Saturday, March 2, 2013

Mark Leci - Four Poems

Typo

somewhere in this layered
cubist collage of touch
it is possible
if one peers from the right angle
to separate
three bodies
pry apart the tessellating edges -
divide this flesh into separate forms
but for a moment
we
linked together
a lifeline drawn in blood
for a brief pulse
a quartz vibration
there is something akin to perfection
in this movement
but
then you collapse back
into your mind
the thoughts return
of how his body is such
styled and flowing
copperplate in the square-nibbed pen
and red ink so distinctive
those complex German adjectives
seem to ripple across him
he is a living calligraphy
and she so
clear and radiant
freehand
she bends light towards her
like glass
it follows the waveforms
of the boundaries between
her and not-her
of what is sadness to touch
and what is nothing
your body is so
covered with corrections
rewrites and editing marks
the edges all noise
ink bleeds into the white fibres
from
the shouting of the fights
that made a simple skin
into this memoir, battleground
each skip dull version of
scratches between the grooves of the record
he holds it up to the light to test if it is warped
tosses it away
this is something too far from perfect



Steam Baths

An old man
Levers himself into
The hot bath
With the slowness
Of flowers blooming,
Steam dreamily blurring the room childlike and careless,
Coffee perfectly dripping into an empty pot.
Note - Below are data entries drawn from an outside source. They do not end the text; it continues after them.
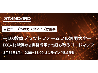 大手企業を中心に1,000社以上のデジタルトランスフォーメーション(以下、DX)の推進と内製化を支援する株式会社STANDARD(本社:東京都港区、代表取締役社長:伊藤 海)は、3月31日(月)12時より、Webセミナー『"自社ニーズへのカスタマイズが重要"DX教育プラットフォームフル活用大全-DX人材戦略から実務成果まで打ち取るロードマップ』を開催いたします。
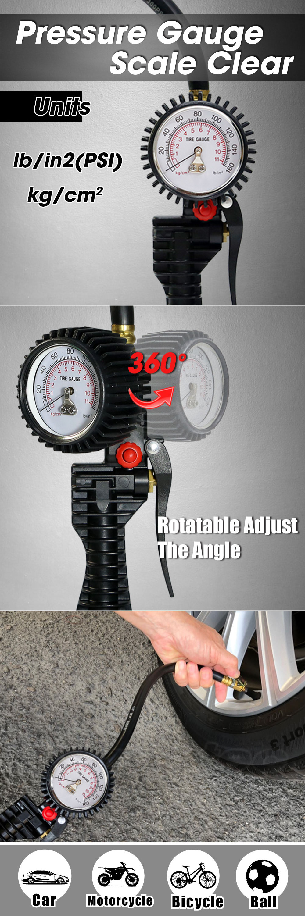 Measures pressure range:0~160 lb/in2(PSI) ,0~11 kg/cm2
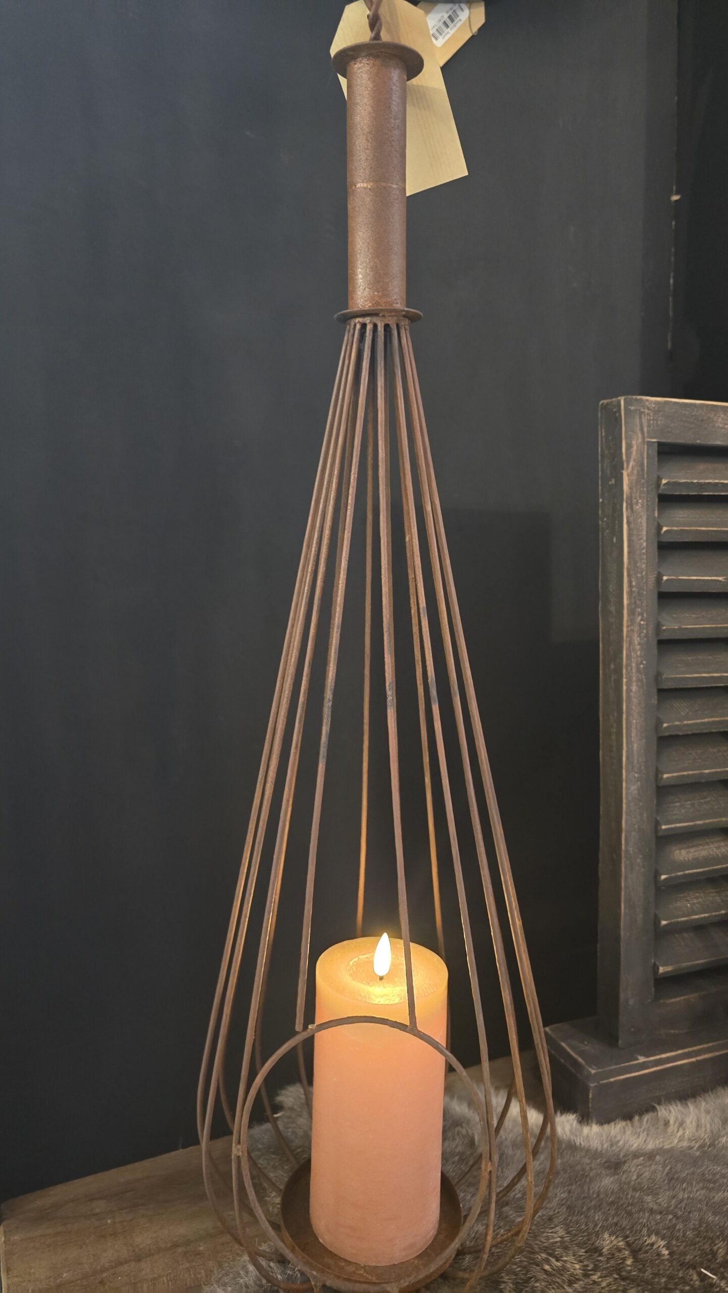 De roestige garde is perfect te combineren met een stompkaars. Plaats hem op een buitentafel, op de grond tussen je potten, of op een houten trapje voor een speels effect. Zodra het begint te schemeren, zorgt de kaars voor een warm en uitnodigend licht.

And the lowering of his body
Contains the unspilled passion
Of bursting muscle,
Scalding liquid drifting over the wooden counter,
Flowers exploding along winter’s edge,
The old man screaming
For the muscles to do his bidding,
And a teenage boy
Still as ancient ligament,
His chest suddenly,
Tellingly, flushed.



Road Scholar

with stratified hands
circlets of dirt
echo the blurred
rubbed
whorls of his fingertips
he smudges the yellowing lining
breathes as it oxidizes
runs a crooked finger
over justified columns
thin color diagrams
and broad pages
he is blank and wide as
prairie margins
this lonely
road scholar
retells the parable of the scorpion
shoes fading camouflage
with the bitumen
tree roots
veins
cracks in concrete face
unsure which page to read
he stares into blank
space
like Picasso's blue family
the moving finger
smooths the creased pages
with a hard black fingernail
traces the scrawled notes
with empty pen
frail amalgam of feeling
his books are out of date
and the world turns
faster than he can run



Nothing

The last time
I sat and did nothing
Or read a book
Without time whining
Through the hourglass
Like a vacuum

Snow was
Deep over
Italy

Franco was
Toddling in
His garden

Old potatoes
Were still new

The dragonflies
Were kick-starting
Their wings on
The back porch
Running ink
Into tiny grooves
Like a record

8-track was
The wave of
The future
Clicks and
Syncs

Certain girls
Would be
Expected to have
Both long gloves
And cigarette holders

You were
A tiny neon
Bud
And nobody
Touched you



Mark Leci’s writing is strongly influenced by such diverse fields as chemistry, music, physics and computer programming. He lives alone in Calgary.